> **Data section**:
● ● ● ● ● ● ●
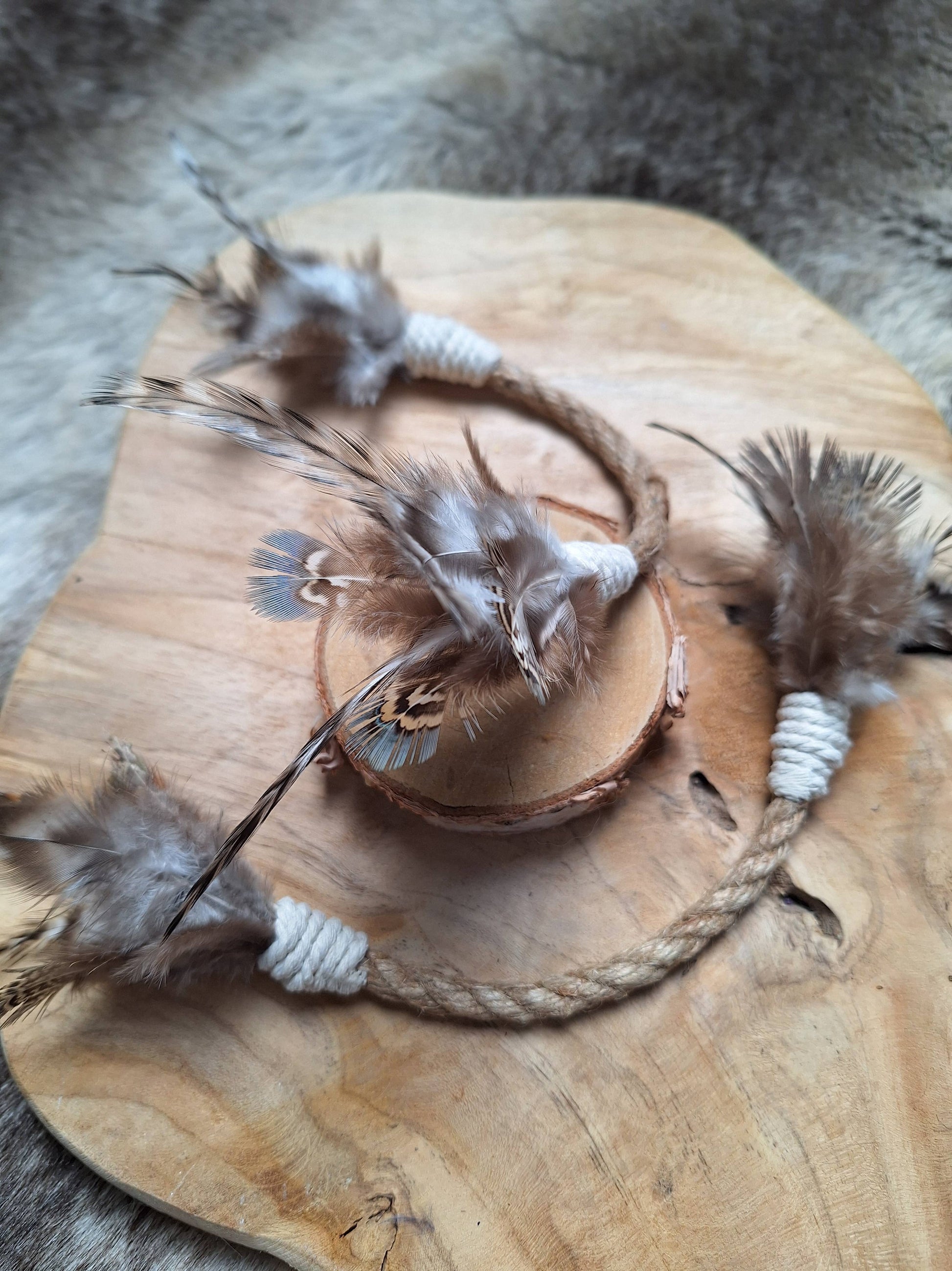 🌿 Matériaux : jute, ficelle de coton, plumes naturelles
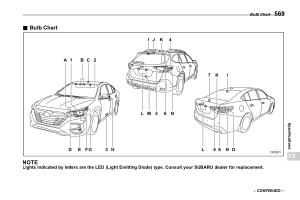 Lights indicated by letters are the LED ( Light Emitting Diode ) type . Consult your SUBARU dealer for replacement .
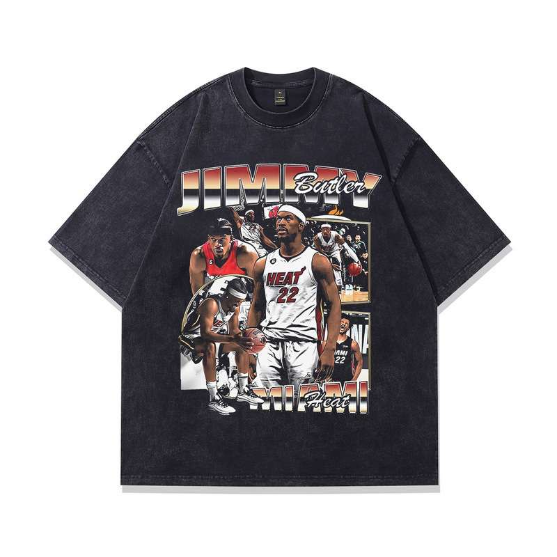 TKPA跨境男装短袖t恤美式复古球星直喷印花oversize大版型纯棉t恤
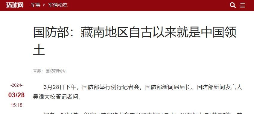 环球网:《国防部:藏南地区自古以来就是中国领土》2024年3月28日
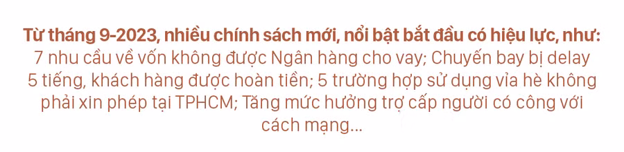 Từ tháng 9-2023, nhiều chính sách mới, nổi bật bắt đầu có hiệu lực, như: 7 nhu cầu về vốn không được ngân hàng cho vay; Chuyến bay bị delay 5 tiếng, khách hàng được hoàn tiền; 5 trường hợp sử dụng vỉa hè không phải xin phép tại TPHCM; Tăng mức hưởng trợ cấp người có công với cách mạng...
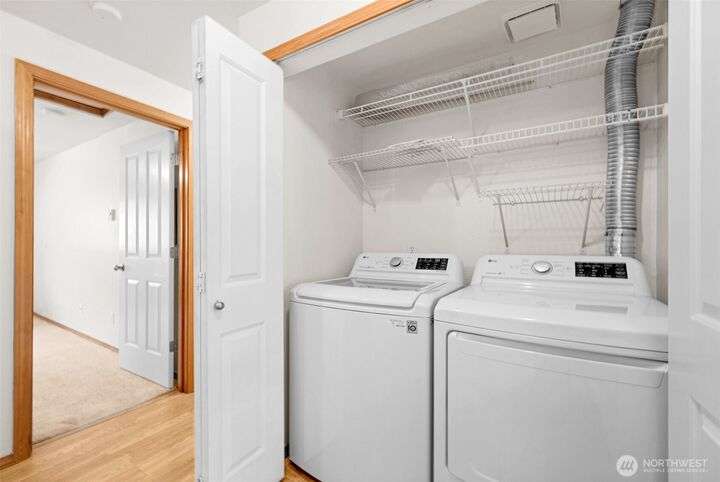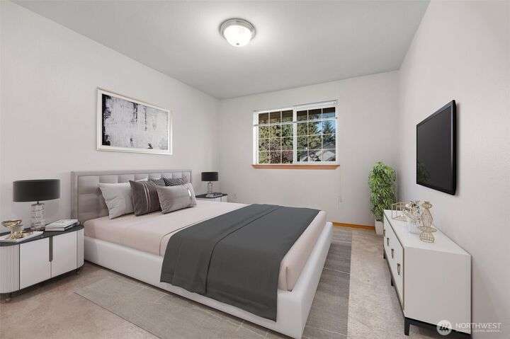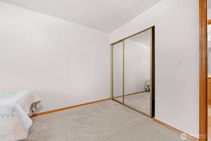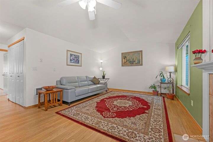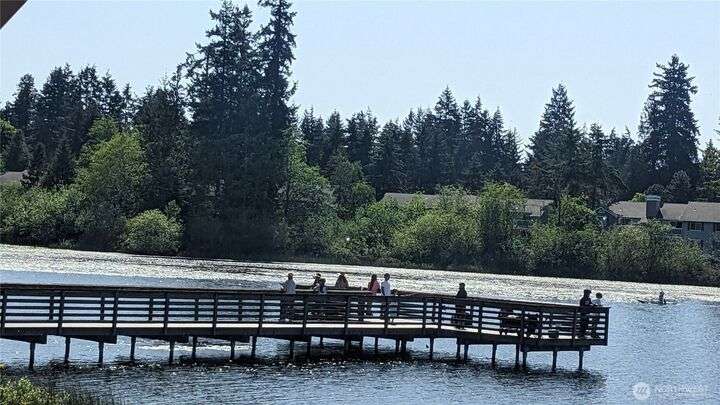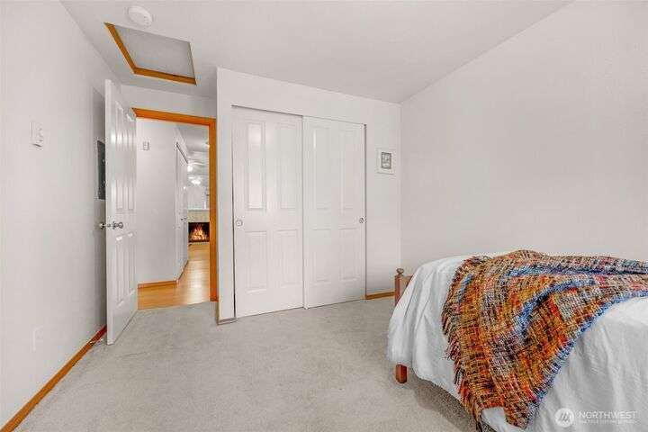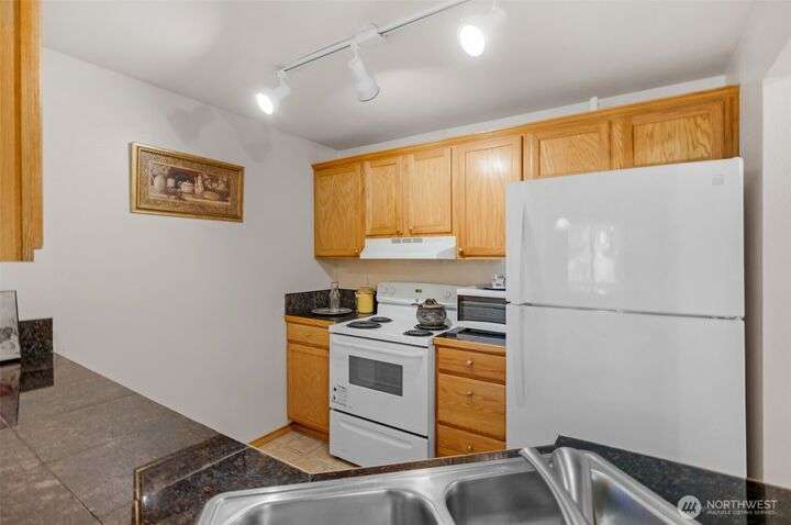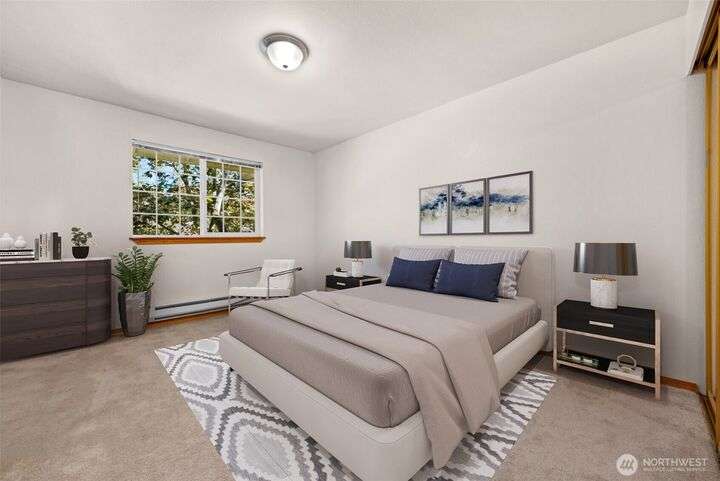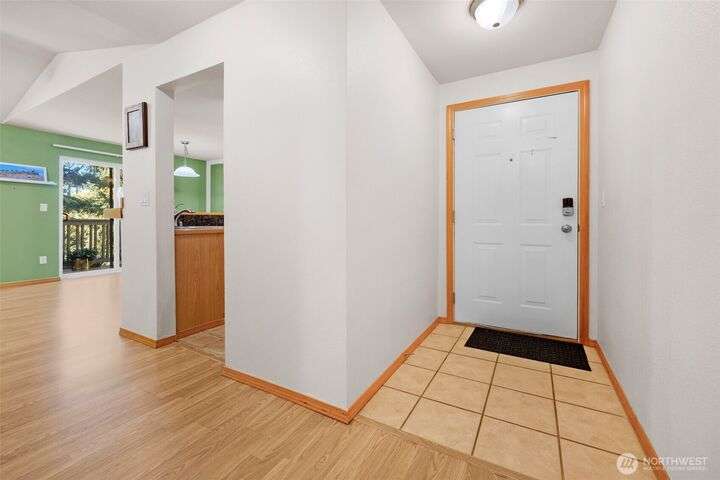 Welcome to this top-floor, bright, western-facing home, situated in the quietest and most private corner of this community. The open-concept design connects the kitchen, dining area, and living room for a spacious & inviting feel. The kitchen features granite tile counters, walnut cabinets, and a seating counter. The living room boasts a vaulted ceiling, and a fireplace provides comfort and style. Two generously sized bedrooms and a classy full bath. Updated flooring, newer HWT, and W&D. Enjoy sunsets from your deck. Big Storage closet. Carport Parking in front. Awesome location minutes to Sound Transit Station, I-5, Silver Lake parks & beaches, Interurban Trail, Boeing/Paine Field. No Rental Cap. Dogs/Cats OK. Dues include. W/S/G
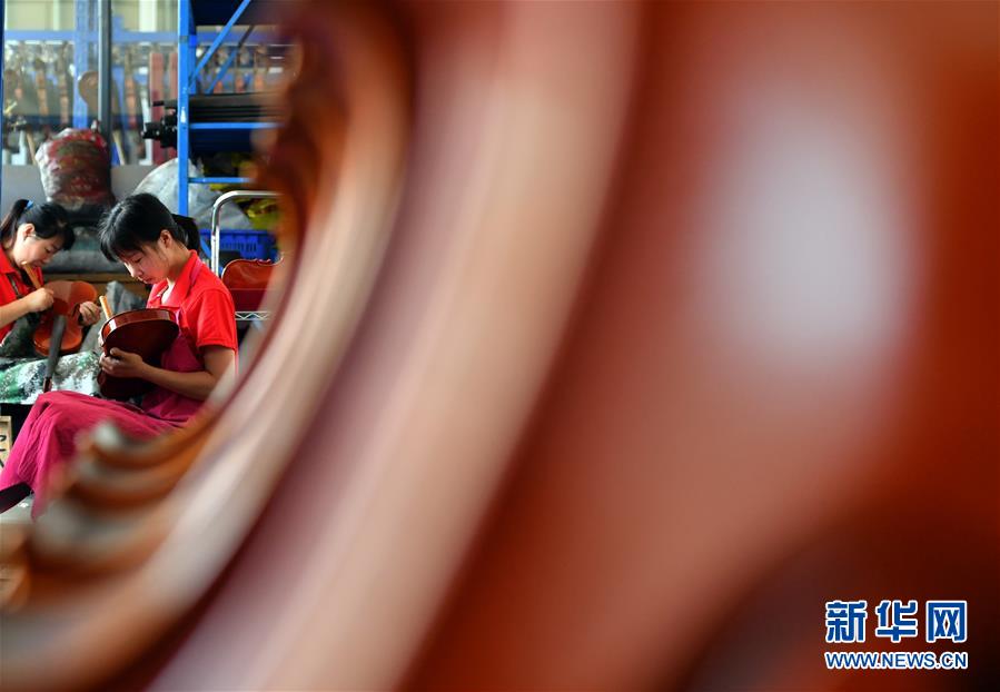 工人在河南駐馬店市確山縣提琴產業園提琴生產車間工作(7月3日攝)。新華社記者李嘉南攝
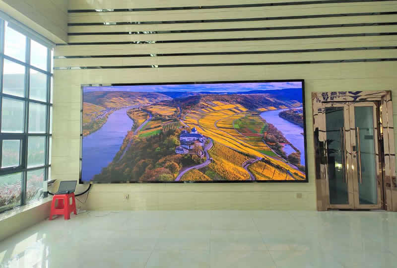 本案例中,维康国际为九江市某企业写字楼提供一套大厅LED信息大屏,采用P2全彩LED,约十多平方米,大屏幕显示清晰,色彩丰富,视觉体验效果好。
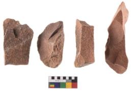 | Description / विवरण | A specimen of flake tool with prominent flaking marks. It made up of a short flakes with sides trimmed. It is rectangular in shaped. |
● ● ● ● ● ● ●
> **Problem**:
From the records given above, reproduce all text exactly and exclude each picture.

> **Problem solution**:
 🌿 Matériaux : jute, ficelle de coton, plumes naturelles
 Lights indicated by letters are the LED ( Light Emitting Diode ) type . Consult your SUBARU dealer for replacement .
 TKPA跨境男装短袖t恤美式复古球星直喷印花oversize大版型纯棉t恤
 环球网:《国防部:藏南地区自古以来就是中国领土》2024年3月28日
 Từ tháng 9-2023, nhiều chính sách mới, nổi bật bắt đầu có hiệu lực, như: 7 nhu cầu về vốn không được ngân hàng cho vay; Chuyến bay bị delay 5 tiếng, khách hàng được hoàn tiền; 5 trường hợp sử dụng vỉa hè không phải xin phép tại TPHCM; Tăng mức hưởng trợ cấp người có công với cách mạng...
 Welcome to this top-floor, bright, western-facing home, situated in the quietest and most private corner of this community. The open-concept design connects the kitchen, dining area, and living room for a spacious & inviting feel. The kitchen features granite tile counters, walnut cabinets, and a seating counter. The living room boasts a vaulted ceiling, and a fireplace provides comfort and style. Two generously sized bedrooms and a classy full bath. Updated flooring, newer HWT, and W&D. Enjoy sunsets from your deck. Big Storage closet. Carport Parking in front. Awesome location minutes to Sound Transit Station, I-5, Silver Lake parks & beaches, Interurban Trail, Boeing/Paine Field. No Rental Cap. Dogs/Cats OK. Dues include. W/S/G
 工人在河南駐馬店市確山縣提琴產業園提琴生產車間工作(7月3日攝)。新華社記者李嘉南攝
 本案例中,维康国际为九江市某企业写字楼提供一套大厅LED信息大屏,采用P2全彩LED,约十多平方米,大屏幕显示清晰,色彩丰富,视觉体验效果好。
 | Description / विवरण | A specimen of flake tool with prominent flaking marks. It made up of a short flakes with sides trimmed. It is rectangular in shaped. |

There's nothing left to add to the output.